HyxR negatively regulates intracellular survival in macrophages through RNI-dependent and -independent mechanisms. A. Schematic diagram of the experimental design and treatment regimen. B. Bacterial titers at 24 h post infection. RAW 264.7 cells were pre-treated with 1 mM L-arginine, an NO precursor, or L-NAME, an iNOS-specific inhibitor 1 h prior to infection and for the duration of the experiment. Unless indicated otherwise, statistical comparisons are between UTI89/pTrc99a and all other strains within each treatment arm. Statistical significance indicated as follows: ns = not significant; * p-value < 0.05; ** p-value ≤ 0.01; *** p-value ≤ 0.001. C. Relative fitness of different strains under high NO conditions by assessing the ratio of the bacterial burden at 24 h for each strain between a high NO condition (L-arginine) and a low NO condition (L-NAME).
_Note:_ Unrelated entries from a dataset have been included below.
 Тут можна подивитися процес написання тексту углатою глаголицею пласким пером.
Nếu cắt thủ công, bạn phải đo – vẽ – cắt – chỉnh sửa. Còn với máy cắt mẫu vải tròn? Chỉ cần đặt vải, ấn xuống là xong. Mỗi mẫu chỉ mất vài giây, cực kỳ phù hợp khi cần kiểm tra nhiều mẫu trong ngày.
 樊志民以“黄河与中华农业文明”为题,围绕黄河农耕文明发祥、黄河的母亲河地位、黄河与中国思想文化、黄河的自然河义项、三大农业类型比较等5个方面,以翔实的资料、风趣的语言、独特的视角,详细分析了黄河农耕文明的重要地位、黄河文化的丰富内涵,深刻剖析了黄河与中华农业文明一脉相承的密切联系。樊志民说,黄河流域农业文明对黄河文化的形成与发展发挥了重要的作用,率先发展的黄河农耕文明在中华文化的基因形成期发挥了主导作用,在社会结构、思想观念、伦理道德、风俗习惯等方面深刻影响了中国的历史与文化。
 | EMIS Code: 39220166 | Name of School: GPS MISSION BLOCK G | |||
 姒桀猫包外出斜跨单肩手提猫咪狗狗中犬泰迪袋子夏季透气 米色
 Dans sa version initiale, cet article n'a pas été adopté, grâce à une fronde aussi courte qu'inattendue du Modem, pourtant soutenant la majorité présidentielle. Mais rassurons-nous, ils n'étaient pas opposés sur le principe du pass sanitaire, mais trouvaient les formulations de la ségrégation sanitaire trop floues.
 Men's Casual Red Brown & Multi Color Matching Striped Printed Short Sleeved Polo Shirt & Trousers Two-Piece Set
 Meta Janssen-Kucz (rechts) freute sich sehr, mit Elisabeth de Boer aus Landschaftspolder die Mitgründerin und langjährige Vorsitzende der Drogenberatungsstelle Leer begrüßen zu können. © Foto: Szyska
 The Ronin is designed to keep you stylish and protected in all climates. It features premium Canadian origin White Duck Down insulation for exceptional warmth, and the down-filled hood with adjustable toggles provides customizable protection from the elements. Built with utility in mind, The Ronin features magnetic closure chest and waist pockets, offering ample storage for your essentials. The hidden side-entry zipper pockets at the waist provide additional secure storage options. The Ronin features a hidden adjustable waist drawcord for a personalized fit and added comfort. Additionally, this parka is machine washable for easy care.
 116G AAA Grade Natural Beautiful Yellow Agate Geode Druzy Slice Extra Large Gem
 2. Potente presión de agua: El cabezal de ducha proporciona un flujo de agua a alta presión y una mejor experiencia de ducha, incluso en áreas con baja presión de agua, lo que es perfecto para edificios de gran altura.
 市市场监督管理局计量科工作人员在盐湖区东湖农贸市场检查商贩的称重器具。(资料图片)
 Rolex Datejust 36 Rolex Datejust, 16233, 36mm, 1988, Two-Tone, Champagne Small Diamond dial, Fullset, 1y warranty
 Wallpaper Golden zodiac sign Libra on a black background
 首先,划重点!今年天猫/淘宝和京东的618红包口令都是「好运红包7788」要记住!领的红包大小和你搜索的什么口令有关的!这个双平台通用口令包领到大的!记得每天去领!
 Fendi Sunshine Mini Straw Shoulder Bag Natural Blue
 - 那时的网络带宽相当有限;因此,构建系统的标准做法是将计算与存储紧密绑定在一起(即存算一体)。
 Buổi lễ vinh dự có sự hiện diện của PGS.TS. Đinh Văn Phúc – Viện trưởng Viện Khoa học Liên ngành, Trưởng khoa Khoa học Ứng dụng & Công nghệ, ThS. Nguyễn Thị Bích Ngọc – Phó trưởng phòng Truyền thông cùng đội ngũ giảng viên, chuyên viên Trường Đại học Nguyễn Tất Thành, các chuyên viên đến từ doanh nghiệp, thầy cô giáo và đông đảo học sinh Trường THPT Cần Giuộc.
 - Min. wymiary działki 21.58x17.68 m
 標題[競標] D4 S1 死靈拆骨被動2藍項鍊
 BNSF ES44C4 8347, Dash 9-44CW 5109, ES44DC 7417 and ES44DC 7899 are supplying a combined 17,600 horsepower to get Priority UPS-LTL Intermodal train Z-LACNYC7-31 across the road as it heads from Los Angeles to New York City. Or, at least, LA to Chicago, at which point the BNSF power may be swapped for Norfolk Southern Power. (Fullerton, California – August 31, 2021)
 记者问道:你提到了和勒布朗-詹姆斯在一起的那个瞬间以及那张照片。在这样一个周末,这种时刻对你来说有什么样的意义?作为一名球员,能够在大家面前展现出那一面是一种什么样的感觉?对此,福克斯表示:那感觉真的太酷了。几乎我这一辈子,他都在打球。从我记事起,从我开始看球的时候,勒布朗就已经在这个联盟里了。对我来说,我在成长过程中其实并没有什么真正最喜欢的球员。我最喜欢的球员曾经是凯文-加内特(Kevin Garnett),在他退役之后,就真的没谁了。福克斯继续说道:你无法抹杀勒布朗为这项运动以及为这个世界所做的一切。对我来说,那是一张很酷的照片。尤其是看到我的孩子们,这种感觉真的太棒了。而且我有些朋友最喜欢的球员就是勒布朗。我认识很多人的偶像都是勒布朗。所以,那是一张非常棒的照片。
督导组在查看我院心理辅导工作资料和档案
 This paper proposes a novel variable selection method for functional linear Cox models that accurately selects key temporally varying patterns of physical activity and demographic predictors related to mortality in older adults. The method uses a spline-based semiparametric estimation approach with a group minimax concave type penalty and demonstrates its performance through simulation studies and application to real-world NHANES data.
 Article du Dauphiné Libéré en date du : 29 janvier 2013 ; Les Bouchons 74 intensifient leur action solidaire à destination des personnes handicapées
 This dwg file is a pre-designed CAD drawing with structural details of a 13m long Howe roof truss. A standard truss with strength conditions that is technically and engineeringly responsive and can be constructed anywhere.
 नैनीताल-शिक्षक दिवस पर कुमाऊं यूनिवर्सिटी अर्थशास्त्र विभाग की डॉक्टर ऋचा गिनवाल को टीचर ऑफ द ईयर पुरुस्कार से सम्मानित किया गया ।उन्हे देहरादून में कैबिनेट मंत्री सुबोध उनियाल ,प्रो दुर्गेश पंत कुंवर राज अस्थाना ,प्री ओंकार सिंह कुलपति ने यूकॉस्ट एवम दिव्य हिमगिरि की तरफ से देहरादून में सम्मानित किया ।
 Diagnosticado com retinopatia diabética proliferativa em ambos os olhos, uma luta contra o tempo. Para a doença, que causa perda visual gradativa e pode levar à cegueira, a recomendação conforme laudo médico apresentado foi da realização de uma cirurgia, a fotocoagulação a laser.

D. Cell-free supernatant nitrite levels were measured from the supernatant of infected RAW 264.7 cells using Greiss Reagent (see Experimental Protocols for detailed methods). Unless indicated otherwise, statistical comparisons are between UTI89/pTrc99a and all other strains within each treatment arm. Asterisk (***) represents a p-value ≤ 0.001. E. Nitrite levels were measured from the supernatant of RAW 264.7 cells infected with heat-killed (80°C for 15 min) or arrested (inclusion of 20 µg ml⁻¹ chloramphenicol to inhibit protein synthesis) bacteria using Greiss Reagent. No comparisons reached statistical significance. Abbreviations: ND, not detected.

Figure 6

ExPEC actively suppresses NO production by IFN-activated macrophages, and HyxR negatively regulates intracellular survival in IFNγ-activated macrophages through RNI-dependent and -independent mechanisms. A. Schematic diagram of the experimental design and treatment regimen. B and C. Bacterial titers from 24 h RAW 264.7 cell infections. Cells were not treated (B) or treated with 1 ng ml-1 IFNγ (C) 18 h prior to infection. Unless indicated otherwise, statistical comparisons are between UTI89/pTrc99a and all other strains. Statistical significance indicated as follows: ns = not significant; * p-value < 0.05; ** p-value ≤ 0.01; *** p-value ≤ 0.001. Error bars indicate 1 standard deviation. D. Relative fitness of different strains in activated macrophages by assessing the ratio of the bacterial burden at 24 h for each strain between IFNγ-activated (C) and unactivated (B) macrophages. E. Nitrite levels were measured in the supernatant of infected RAW 264.7 cells using Greiss Reagent. Unless indicated otherwise, statistical comparisons are between UTI89/pTrc99a and all other strains within each treatment arm. Statistical significance indicated as follows: * p-value < 0.05; ** p-value ≤ 0.01; *** p-value ≤ 0.001. Error bars indicate standard deviation. Abbreviations: ND, not detected.